The name for a flowery expression - not a cliché [closed]

Solution 1:

The year 19 ʙᴄ’s twin gifts urbi et orbi

Large thumbnail from https://nature.desktopnexus.com/wallpaper/746676, fair use
“Purple Dreams” wallpaper from nature.desktopnexus.com

It was during the eighth year of the reign of Caesar Augustus, that selfsame year in which Agrippa completed his great Aqua Virgo, when Horace sent as an epistle to the consul Piso the poem we have come to call the Ars Poetica, whose lines 14–21 contain history’s first mention of purple prose. There Horace writes that

Important incipits
full of profound professions
see often the purple patch
or two, broadly resplendent,

applied to them.

As Agrippa’s aqueduct would prove a font rich enough to sustain the Eternal City in all the ages since, so too would the ageless wisdom of Horace’s poem come to inspire writers of the world even unto our own day. If only they had read more closely! :)


Hackneyed phrases and tired refrains

A hackney coach, 1482, from *London in the Nineteenth Century*, by Walter Beasant
A hackney coach from 1842's London in the Nineteenth Century by Walter Beasant

Unlike what several other posters seem to feel, I hold that the various expressions you mention are not the flowery language of purple prose. They are not unrelated, fanciful language used to beautify simple passages to make these more attractive to bored readers, yet which nonetheless serve mostly to distract with their long-winded discursions into matters unrelated to the one at hand.
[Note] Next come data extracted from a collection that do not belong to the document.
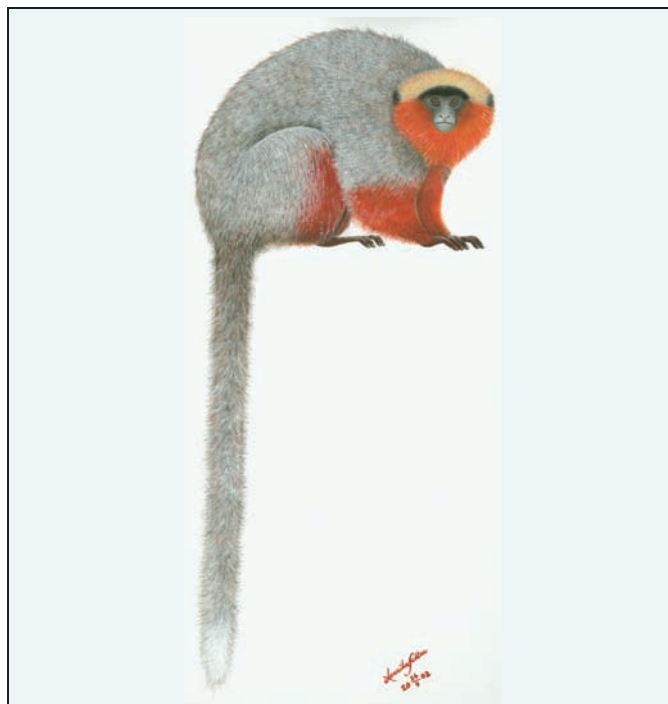
Figure 2. The Madidi titi monkey, Callicebus aureipalatii sp. nov. Illustration by Annika Felton.

Diagnosis: A species of the C. moloch group ( sensu Hershkovitz 1990; Groves 2001) as defined according to broad distributional and physical characteristics. Using the Van Roosmalen et al. (2002) classification, this new species shows physical similarities with the C. cupreus group (crown and cheiridia dominated by pheomelanin hair pigments, orange
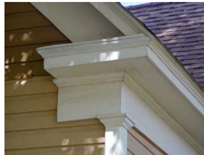
EAVE RETURN AT GABLE
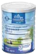
MILK POWDER 900g PACKING: 12 x 900g
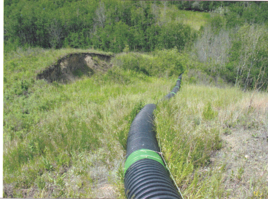
Photo 19. A 450 mm CPP takes drainage from the in-slope ditch down the slope past a previously eroded area. Some of the joints are failed and leaking, requiring repair.
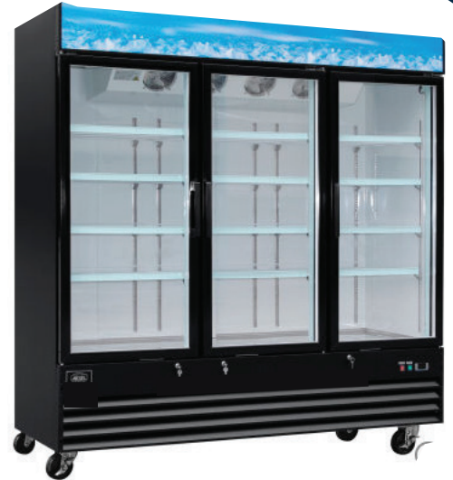
SG1.9L3-HC Swing Door
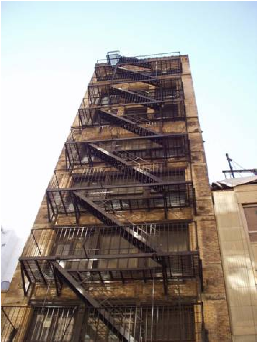
Keuffel & Esser Company Building Ann Street facade
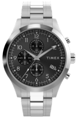
Weston Dress Chronograph 43mm Stainless Steel Bracelet Watch
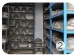
PC blister tooling
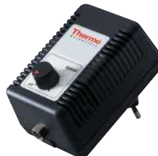
Cimarec i Standard Teleomodul Controller
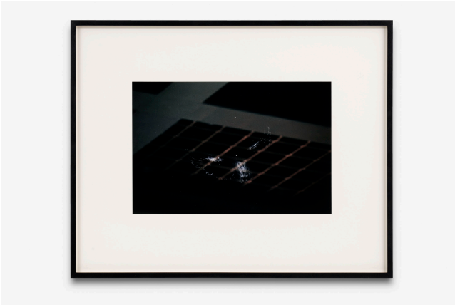
Max Paul Bird in Space #2 , 2022 chromogenic print mounted on museum board, framed 46 x 58 cm
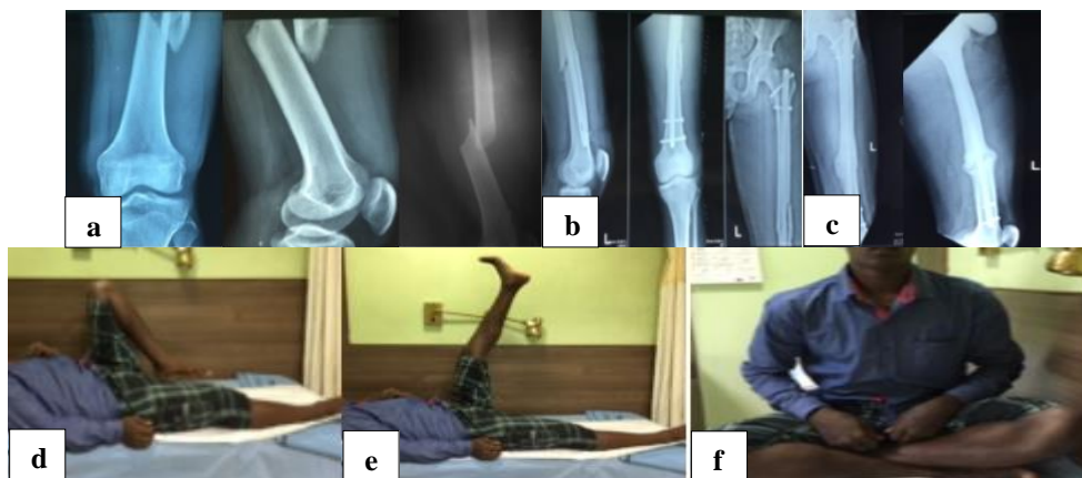
Figure 2: (a) Pre-operative X-ray showing diaphyseal comminution, (b) postoperative X-ray good reduction, (c) post op 3 months X-ray, (d) active hip and knee flexion post op 3 months, (e) active straight leg raising post-op 3 months, and (f) sitting crossed leg.
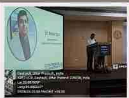
Dashauli, Uttar Pradesh, India X352+429, Dashauli, Uttar Pradesh 226026, India Lat 26.957827° Long 80.999971° 01/08/24 02:48 PM GMT +05:30
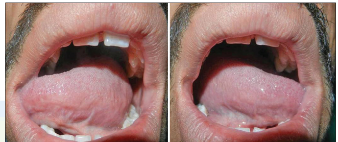
Figure 10: Tongue position on left and right lateral movement after 2 years (Case 2)

Thus, this technique provides promising result in management of severe ankyloglossia with just suturing prior to lingual frenectomy. However, to confirm the potential of this surgical technique long term interventional randomized clinical trial need to be carried out.
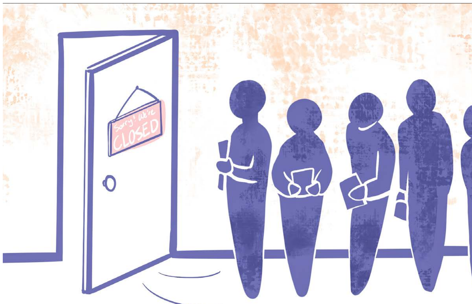
Former Student Government senators speak out about not receiving interviews for executive positions. | Illustration by Wren Johnson / The Sunflower
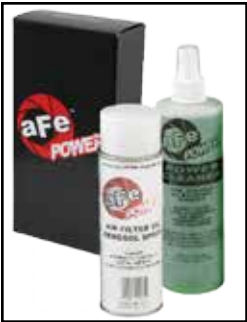
Blue Aerosol Restore Kit

On the other hand, the opening section of this post which you have just done me the honor of reading might be said to be an example of “purple prose”, but I do not believe that this is the sort of thing that you are referring to at all.

Rather, yours are overwrought expressions repeated so often that our ears tire of hearing them. They are like the repeated refrain of an old familiar tune which the entire room sings along to in mindless unison, words that everyone knows and has heard so often before than no thought need be paid to their automatic repetitions.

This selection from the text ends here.